What you have to do – Under this line sits a listing. Repeat exactly and only its lines from the one holding "Seamless. High waistband" through the one holding "There were so"; skip pictures.
__________
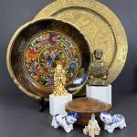 Lot 54: Collection Of Asian Figures, Lacquered Serving Dish, Metal Tray And More (18 photos)
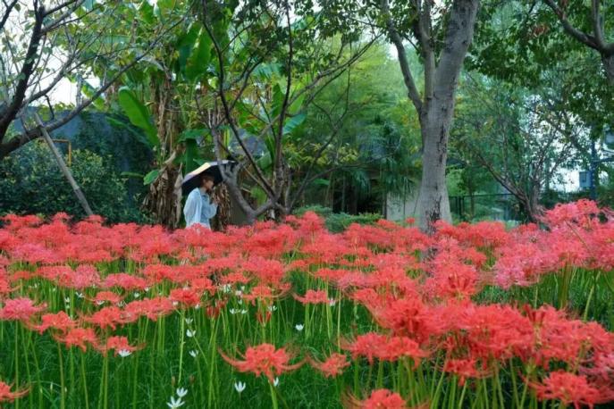 石蒜花,民間俗稱“彼岸花”。修長(zhǎng)的花莖上托著簇簇赤紅的花冠,點(diǎn)綴在林間湖畔,綻放出令人陶醉的驚艷之美。而緊貼地面的蔥蘭,如同散落的星辰,潔白的花瓣散發(fā)著幽香,為秋日增添了一份素凈。
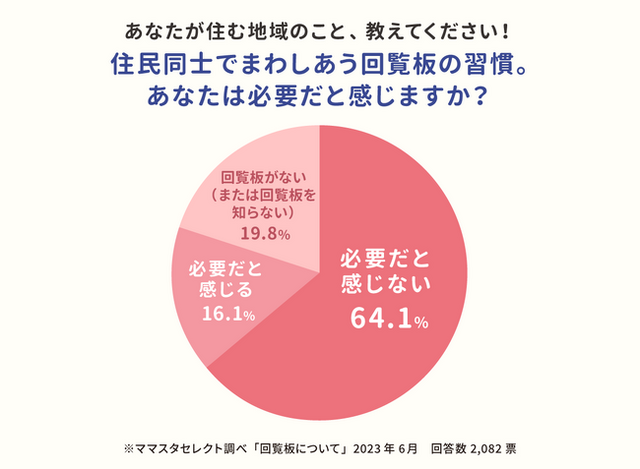 町内会などで必要なお知らせを、順にまわして閲覧する「回覧板」。近所付き合いが希薄になりつつある現代、回覧板を使って近隣と連絡を取る地域も少なくなってきているのかもしれません。そこでママスタセレクトでは「回覧板の習慣、あなたは必要だと感じますか?」というアンケートを実施。「必要だと感じる」「必要だと感じない」「回覧板がない(または回覧板を知らない)」の選択肢を設定したところ、2,000人を超える回答が寄せられました。
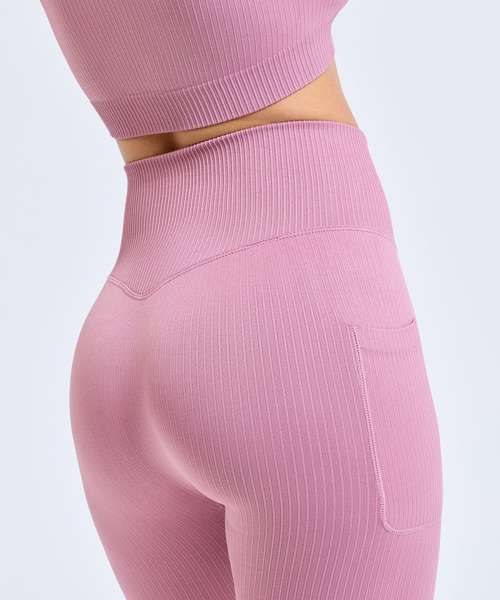 Seamless. High waistband with ‘V’ detailing to back. Stretchy. Ribbed detailing. Pockets to each upper thigh. We recommend using block out vinyl and inks.Product contains no branded neck or waist label. Removable Kimble or looped garment tags. Inner seam label holds important product information on one label with a second label containing brand information which can be cut-away.
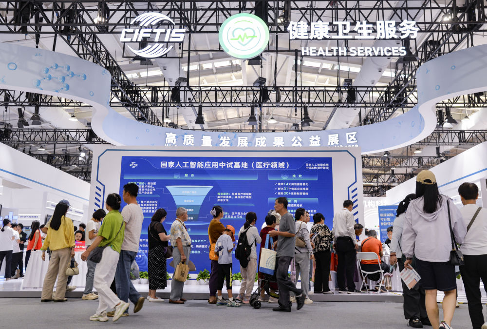 9月14日,人们在2025年服贸会健康卫生服务专题展上参观、体验。(新华社记者 徐钦 摄)
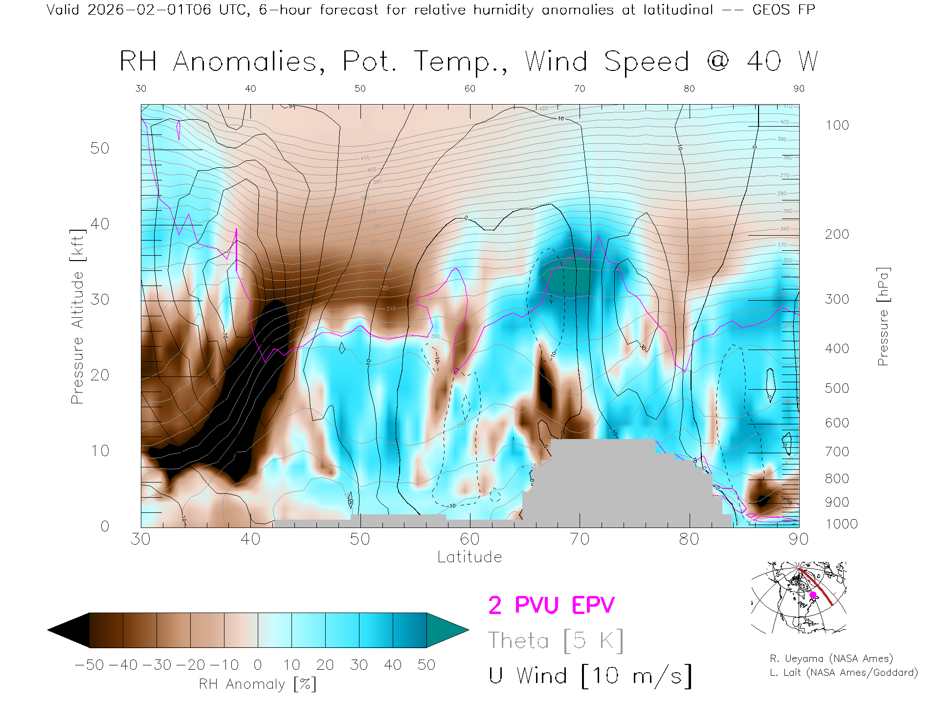 GEOS Forecast Rel. Hum. X-Section (40 W)
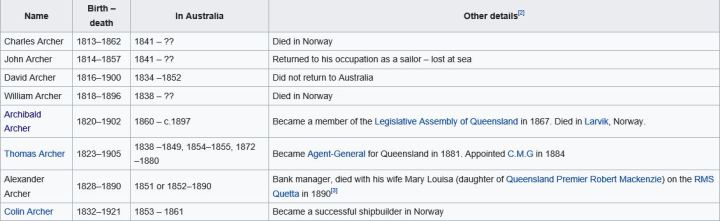 There were so many Archers. Thirteen in all, and seven of the male Archers were involved in Queensland’s early European history. Originally from Scotland, the family moved to Norway in the 1820s, and then to Australia, where the Archer sons made their presence felt, opening up the Fitzroy River, the Rockhampton area, Woodford and the Brisbane River Valley. After researching them individually and then collectively, I have decided to use the nice, straightforward, Wikipedia table:
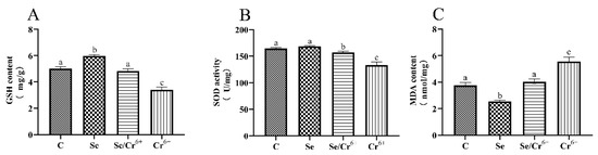 The effects of Cr6+ or/and Se on oxidative stress in broiler chicken. Bars with different lowercase letters reflect evident differences (p < 0.05). Data are expressed as the means ± SD. (A) represents the content of glutathione (GSH); (B) represents the activity of superoxide dismutase (SOD); and (C) represents the content of malondialdehyde (MDA).
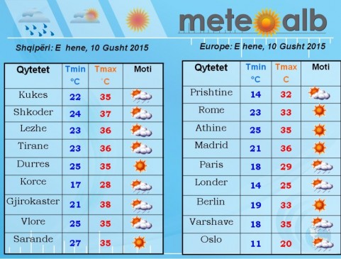 Pjesa e dytë e ditës do të vijojë me kthjellime dhe vranësira të lehta në zonat e ulta dhe bregdetare duke lënë me vranësira dhe shira të përkohshëm zonat malore përgjatë kufirit Lindor. Kjo situatë e motit do të vijojë edhe gjatë natës. Temperaturat e ajrit nuk do të pësojnë shumë ndryshime duke ruajtur të njëjtat vlera të tyre konstante.
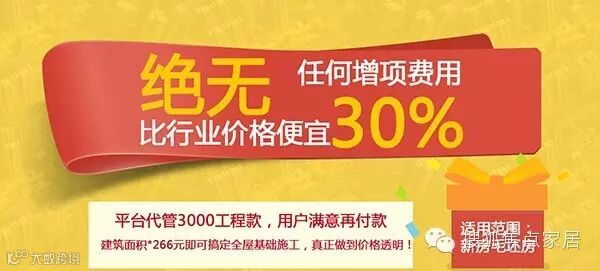 为吸引和服务更多的业主和用户,搜狐焦点家居推出全网跳楼价基础施工钜惠套餐!推广期每平仅需266元(全屋基础施工15项标配项目),比行业价格低30%。(适用范围:新房毛坯房)
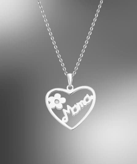 Calado en forma de corazón, con la palabra "Mamá" y adorno de flor.
__________
Written solution –
 Seamless. High waistband with ‘V’ detailing to back. Stretchy. Ribbed detailing. Pockets to each upper thigh. We recommend using block out vinyl and inks.Product contains no branded neck or waist label. Removable Kimble or looped garment tags. Inner seam label holds important product information on one label with a second label containing brand information which can be cut-away.
 9月14日,人们在2025年服贸会健康卫生服务专题展上参观、体验。(新华社记者 徐钦 摄)
 GEOS Forecast Rel. Hum. X-Section (40 W)
 There were so many Archers. Thirteen in all, and seven of the male Archers were involved in Queensland’s early European history. Originally from Scotland, the family moved to Norway in the 1820s, and then to Australia, where the Archer sons made their presence felt, opening up the Fitzroy River, the Rockhampton area, Woodford and the Brisbane River Valley. After researching them individually and then collectively, I have decided to use the nice, straightforward, Wikipedia table:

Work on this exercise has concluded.